When does the prior have the strongest influence over the posterior? When is it the weakest? What exactly are the answers of these questions asked within the tutorial after exercise 2A?

From my understanding, the influence of the prior is strongest when the sigma of the likelihood is large. That is to say that the measured information provided has high uncertainty. In those cases, the posterior distribution mostly resembles the prior (our expectations), since the measurements are so uncertain/noisy that they have negligible effect on the posterior.

Conversely, when sigma of the likelihood function is small (we are very certain about the measured information), the prior has less influence.


Exactly - if you play around a bit with the widget, you should be able to see a couple of the following observations

  • if the sigmas of prior (visual) and likelihood (auditory) are equal, the posterior distribution is exactly in the middle
  • if the sigma of prior is bigger than that of likelihood, the posterior distribution is closer to the likelihood
  • conversely, if the sigma of the prior is smaller than that of the likelihood, the posterior distribution is closer to the prior

The overall take-away here is that probability distributions (likelihood, or prior) that are 'narrow (i.e. encode a certain variable with little uncertainty) have a big impact on the posterior distribution


Some examples below

Below prior and likelihood variances are the same (sigma_auditory = sigma_visual = 0.5)

Below, prior variance is bigger (sigma_visual = 1.0) than likelihood variance (sigma_auditory = 0.5) and the posterior is much closer to the auditory distribution.

And lastly, the prior variance here is smaller (sigma_visual = 0.5) than the likelihood variance (sigma_auditory = 1.0) which results in the posterior sitting much closer to the prior

That’s a great answer!

Bayesian methods are often used to characterize beliefs, and thinking about it that way can be a good way to develop some intuition. The prior captures your…prior beliefs. The likelihood provides some sensory evidence, which you merge into the prior to produce the posterior. (Prior means before, Posterior=behind (or after) seeing the evidence).

For the localization example, we can think of the mean µ as “what we believe” and σ as inversely proportional to how sure we are in that belief. (In fact, some people use τ = 1/σ² instead, which they call “precision”, but let’s not dive down that particular rabbit hole just yet). A distribution like N(0,5) therefore suggests that you think the location is somewhere around 0, but you haven’t located it precisely. Something like N(5,0.01) means you’re very sure it’s located at 5.

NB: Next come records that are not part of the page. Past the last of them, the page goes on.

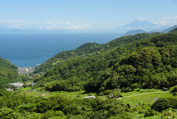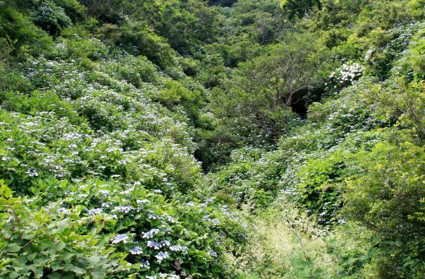 - 三浦地区を通る国道136号線沿いの山では、ガクアジサイが咲いていました。山の斜面を覆うように咲いているため、遠くから見ると斜面がうっすらと白く見えます。
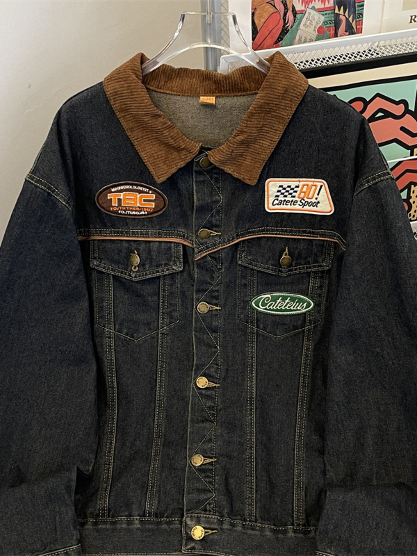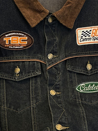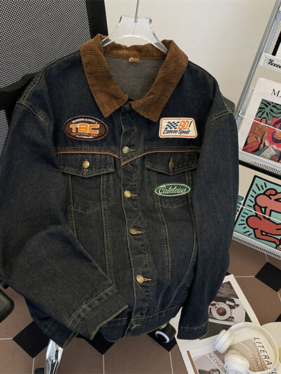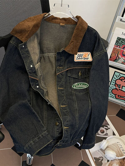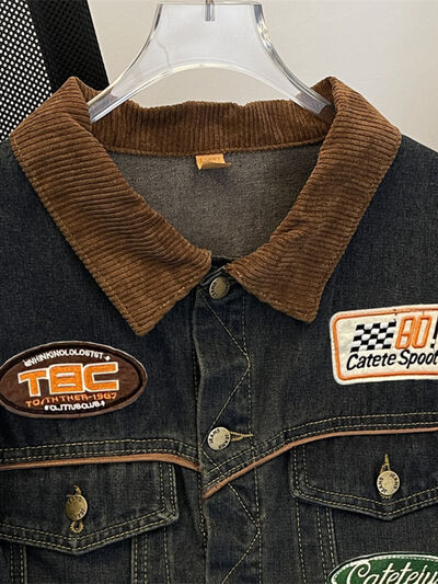 Men's Plus Size Corduroy Collar Button Up Denim Jacket
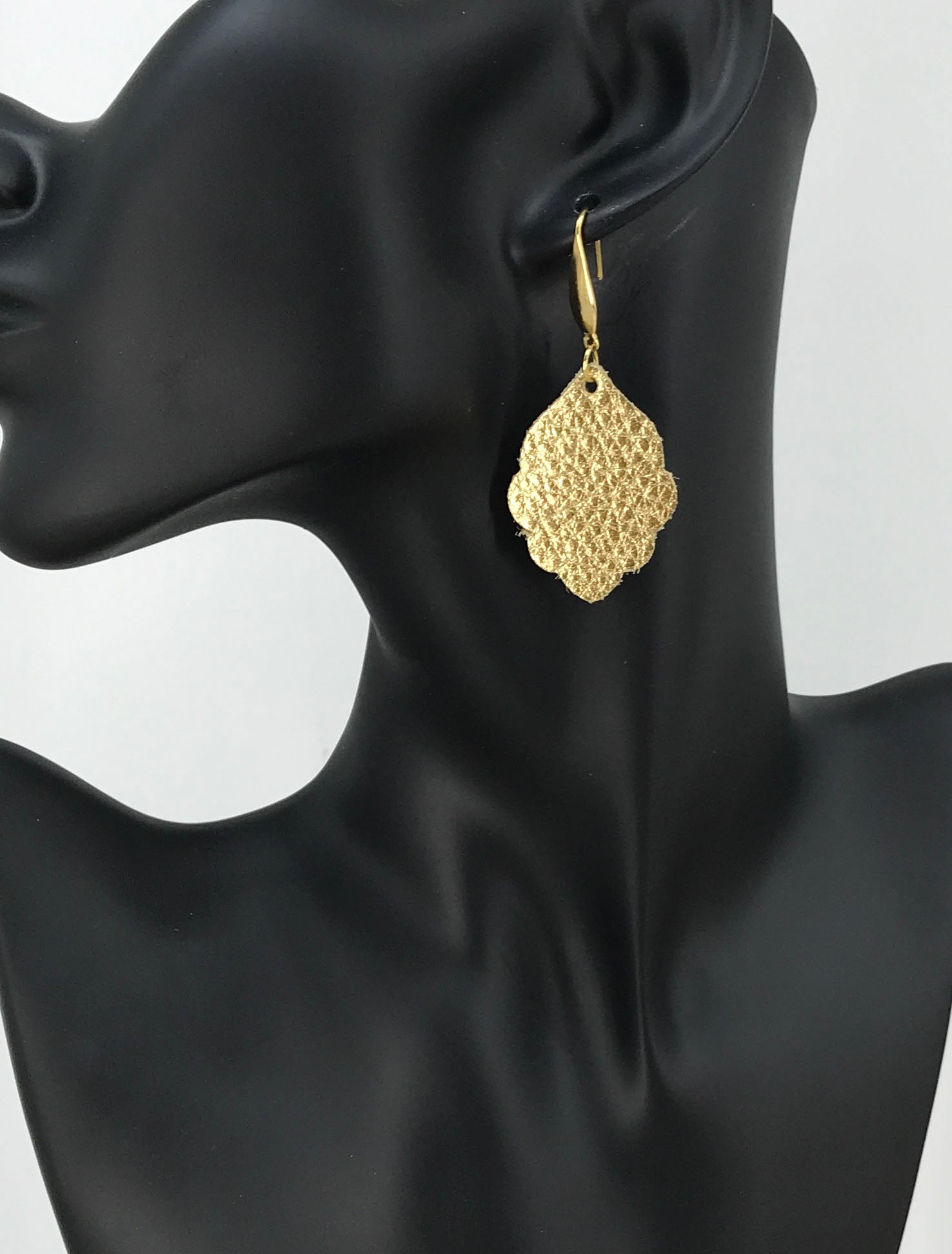 Gold Pebbled Genuine Leather Earrings with Stainless Steel Findings and Ear Wires.

So…when should your beliefs (=posterior) change a lot? Well, if you start with vague suspicion that something is true (=large sigma on prior) and someone gives you strong evidence that it is (narrow sigma for likelihood), your resulting belief should be strengthened (=posterior with narrow sigma). On the other hand, if you believe something strongly (=narrow prior) and someone presents you with unconvincing evidence (=broad likelihood), it shouldn’t change your beliefs much, and so the posterior doesn’t change. Finally, suppose you are moderately convinced that the stimulus is at µ1, but see some equally convincing evidence (i.e., the same sigma) that it’s actually at µ2. The rational thing to do would be to assume that both of your measurements are a bit imprecise, and it’s actually in the middle.

In all three cases, that’s how the math works out!


In our group, we were wondering why in Section 1/Exercise 1, the example code implemented a different formula to the Gaussian formula given directly above (specifically, it lacked the constant term) - is it just because that term is irrelevant when you normalise?


Yes. The coefficient would serve to normalize that posterior if you were integrating from -inf to +inf. However, in this case, we are only looking at a certain range and are integrating by summation rather than analytically. If you include the coefficient and don’t normalize, you might notice that the posterior curve is too large by a factor of 0.1. This 0.1 just happens to be the dx separating x’s in the original distribution. If you multiply that in when you calculate the posterior, the normalization is again done automatically.